# Wisconsin: Where to get Chilean juice buckets?



## WI_Wino (Mar 3, 2014)

For all you Wisconsinites, where can we get Chilean juice buckets? I live south of Madison and work on the west side. I've tried calling the Wine and Hop Shop, talk to someone who said they don't know if they were getting them this year but said they would call me back (never called back, service at the place leaves a lot to be desired). Brew and Grow wasn't sure, they said to call back sometime in April...

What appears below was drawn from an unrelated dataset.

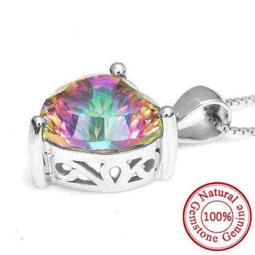 Beautiful natural Heart Rainbow Blue Mystic Topaz 3.8Ct Pendant set in platinum plated .925 sterling silver.
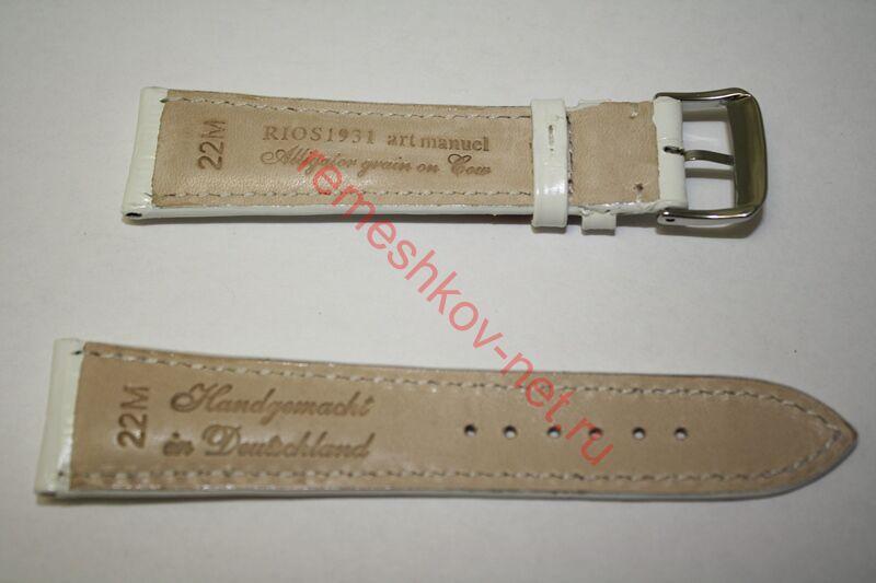 Ширина: 22мм, застежка 18 мм. Длина: М (стандартный) Цвет: Белый. С строчкой в тон ремешка. Цвет застёжки: Белая. Имитация аллигатора. Ремешок выполнен из натуральной кожи телёнка. А также в наличии размеры: L (удлинённый),и XL (длинный).

Only looking to get 2, maybe 3 buckets. We have family up in the Fox Valley so I could make a case to drive up to Green Bay/Appleton no problem. Milwaukee would be a harder sell but I think I could manage. Chicago is probably a no go, with gas I would probably be better off just buying high end kits.


----------



## drumlinridgewinery (Mar 3, 2014)

the wine makers club out of sun prairie is making an order. PM me and I can get you details if interested.


----------



## mkjennison (Mar 3, 2014)

There is a group that will do pickup in Crystal Lake, IL... not too horrible of a drive. Prices are currently $53-$60 depending on varietal, but last year the prices were $45 - $51 based on volume.

Steve (vacuumpumpman) would have more details for you.


----------



## WI_Wino (Mar 4, 2014)

drumlinridgewinery said:


> the wine makers club out of sun prairie is making an order. PM me and I can get you details if interested.



PM sent! Very interested!


----------



## whinery33 (Mar 6, 2014)

Just to clarify... the pre-rebate cost of the Chilean buckets was $53-$59 for a 6 gallon bucket. After the $8 per bucket rebate, the cost ended up being $45-$52 per bucket. There are two pick-up days ( this year it is Friday, April 11th and Saturday April 12th). It is two days of food, wine and fun!


----------



## WI_Wino (Mar 6, 2014)

whinery33 said:


> Just to clarify... the pre-rebate cost of the Chilean buckets was $53-$59 for a 6 gallon bucket. After the $8 per bucket rebate, the cost ended up being $45-$52 per bucket. There are two pick-up days ( this year it is Friday, April 11th and Saturday April 12th). It is two days of food, wine and fun!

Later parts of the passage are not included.